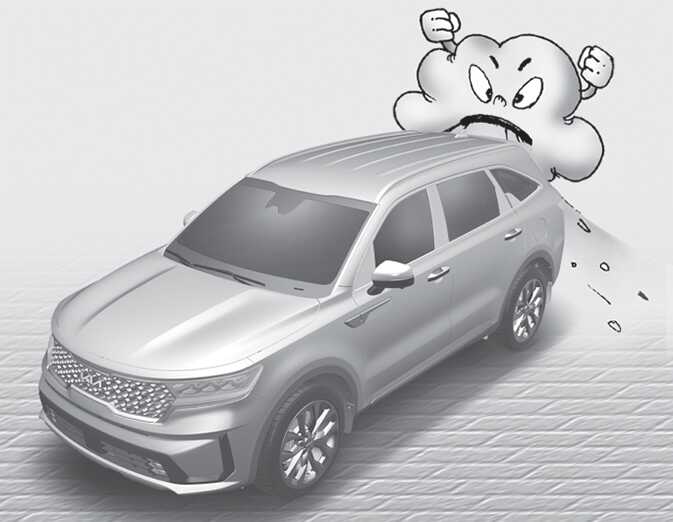 주차 시는 차의 앞부분을 바람이 부는 반대쪽으로 향하게 하십시오.
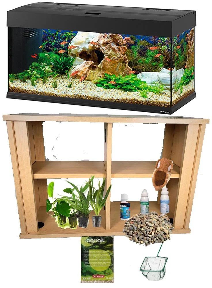 Acquario dubai 120 con impianto luci a led allestimento dolce e supporto compresi nel prezzo
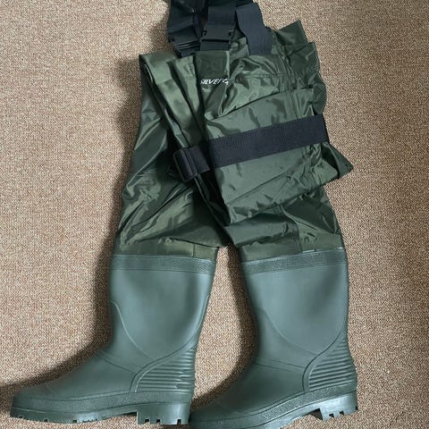 Ocean waders gummistøvler i blå farve, størrelse 28. Høje vaders med integrerede gummistøvler og kraftig, mønstret sål i kontrastfarve. Udstyret med justerbare seler og spænder for fastgørelse over skuldrene.
::::::::::
EXERCISE GOAL
Line by line and exactly, reproduce the span from the line with "Acquario dubai 120" through the end of the data above, both ends included, with pictures left out.

OUTPUT OF THE TASK
 Acquario dubai 120 con impianto luci a led allestimento dolce e supporto compresi nel prezzo
 Ocean waders gummistøvler i blå farve, størrelse 28. Høje vaders med integrerede gummistøvler og kraftig, mønstret sål i kontrastfarve. Udstyret med justerbare seler og spænder for fastgørelse over skuldrene.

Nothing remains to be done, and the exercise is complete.